Posted on 15 January 2014

By Kathryn G. Menu

The Sag Harbor Community Housing Trust has established a new board and has embarked on a detailed study on the affordable housing needs of greater Sag Harbor as the non-profit anticipates funding from the Watchcase condominium project as early as late spring.

At Tuesday night’s Sag Harbor Village Board of Trustees meeting, the village board introduced a new local law — up for public hearing at its February 11 meeting — that allows the board to funnel any workforce housing monies it receives from the Watchcase condos or another development project into the Sag Harbor Community Housing Trust.

The housing trust was established in 2008 by then mayor Gregory Ferraris, who currently serves as a member of the Sag Harbor Village Planning Board and remains on the board of the housing trust. Under the village’s workforce housing law, adopted into the village code in 2009, trustees could transfer funding to either East Hampton or Southampton towns or to the Long Island Housing Partnership. The new local law adds the housing trust to the list of potential beneficiaries, and according to Mayor Brian Gilbride it is through that non-profit that Sag Harbor intends to funnel any workforce housing funding it receives from development projects.

“This is a great project that has been worked on by a few mayors and hopefully we can see some results here soon,” said Gilbride at Tuesday night’s meeting.

Through the village, the housing trust expects $2.54 million from Cape Advisors, the developers behind the Watchcase condominiums, to develop workforce housing opportunities throughout the Sag Harbor school district, stretching its reach outside of the village boundaries and into Noyac, North Haven and parts of East Hampton.

The trust was created, in part, during the course of the Watchcase’s review by the village in 2008. In reviewing the 64 unit project, located in the historic Bulova Watchcase Factory on Division and Church streets, the Suffolk County Planning Commission handed down a mandate for 20 percent on-site affordable housing — a mandate eventually overruled by both the village planning and zoning board of appeals. Instead, they asked developers provide $2.54 million to the housing trust in lieu of creating on-site affordable housing, despite opposition.

After the resolution was in place, the Watchcase condo project was temporarily derailed in 2009 as part of the fallout from the nationwide economic downturn and housing crisis. With the project now revived, Ferraris began reconstituting the housing trust last summer. The payment schedule into the trust is based on closings of Watchcase apartment sales with the first anticipated revenues expected in late spring or early summer.

In addition to Ferraris and original board member, real estate agent Stacy Pennebaker, the housing trust board also includes planning board chairman Neil Slevin, former North Haven Village mayor and trustee Jack Reiser, Cape Advisors partner David Kronman, Sag Harbor Zoning Board of Appeals (ZBA) member Tim McGuire, attorney Ed Reale, and residents Robert Calvert and Mary Lynn Hess.

Ferraris praised the board as being comprised of a diverse group of professionals able to tackle the issue of housing.
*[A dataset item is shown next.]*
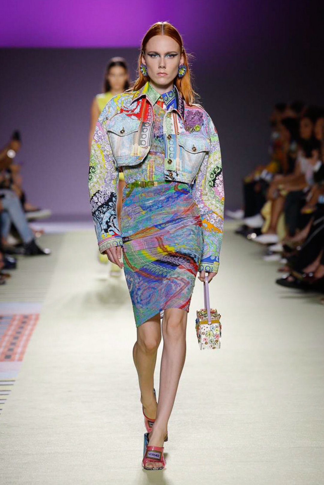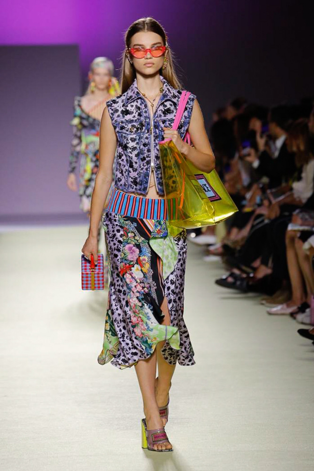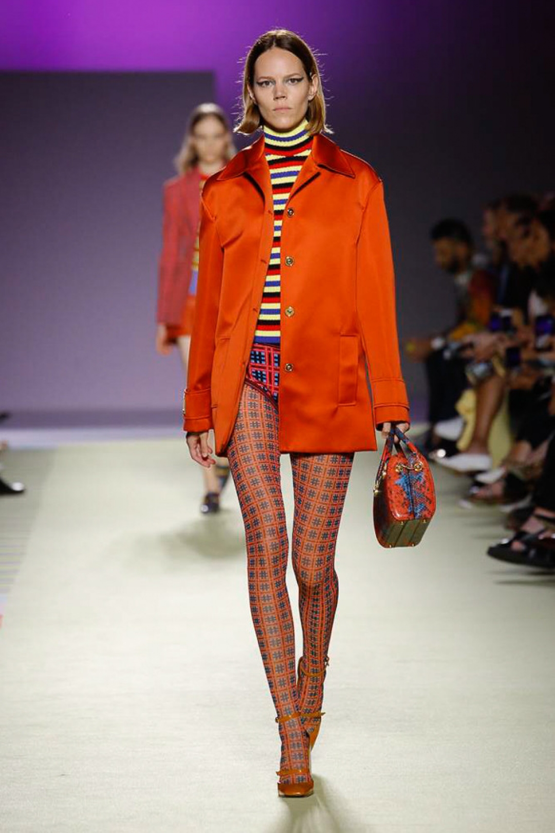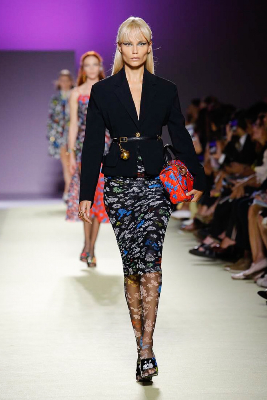 Маркетингом дело не ограничивается: Донателла перебирает архивы своего брата и делает вещи с отсылками к далекому прошлому. Но параллельно они обращены и в будущее: 60-е с костюмами из твида и шляпками-таблетками, 70-е с джинсовками «тай-дай» и фенечками вместо хороших часов, 80-е с неоновыми пати-платьями и 90-е с граженвыми тотал-блэк костюмами теперь стилизованы сумками с застежками-разетками, шлепанцами с силиковой перемычкой, гигантскими моносережками в цветок и аляпистыми (где-то чересчур) колготками.

He noted Reale has first hand experience working towards developing affordable housing opportunities.

“Ed is a member of the North Fork Housing Alliance and he has also worked with the East Hampton Town Board in their successful efforts to provide workforce housing in that town,” he said in an interview prior to Tuesday’s board meeting.
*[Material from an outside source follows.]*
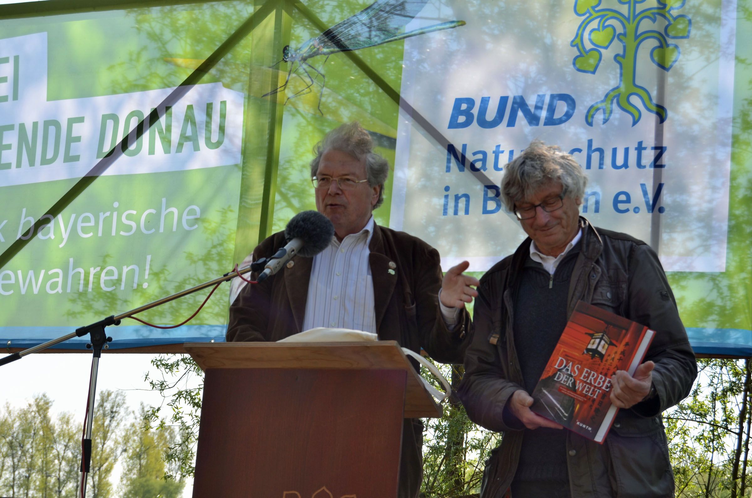 Einen besonderen Dank sprach Weiger an Dieter Scherf aus, der ebenfalls lange Jahre aktiv im Kampf für die Donau war. Er hatte sich bei der kürzlich in Deggendorf abgehaltenen BN-Vorstandswahl nicht mehr zur Verfügung gestellt. Scherf wird sich künftig dafür einsetzen, dass die niederbayerische Donauregion den Status als UNESCO-Welterbe erhält. Als Inspiration für seine Arbeit schenkte ihm Hubert Weiger ein dickes Buch über bereits bestehende Welterbestätten.

The board has set up four committees — community outreach, finance and leverage, demographic assessment and analytics — to complete a formal study in the next eight weeks detailing what kind of housing is needed in the area, what funding opportunities are available outside of what is being paid by Cape Advisors, how funding would be best leveraged to help the most people and what is available in terms of real estate.

“Basically, we need to reassess what the need is for workforce housing compared to five years ago,” said Ferraris.

Board members will meet with civic organizations to discuss the issue, as well as some local business owners and their employees who will be polled anonymously on housing needs, said Ferraris.

“We hope to complete our assessment over the next couple months and based on that develop some initiatives we can move on,” he said.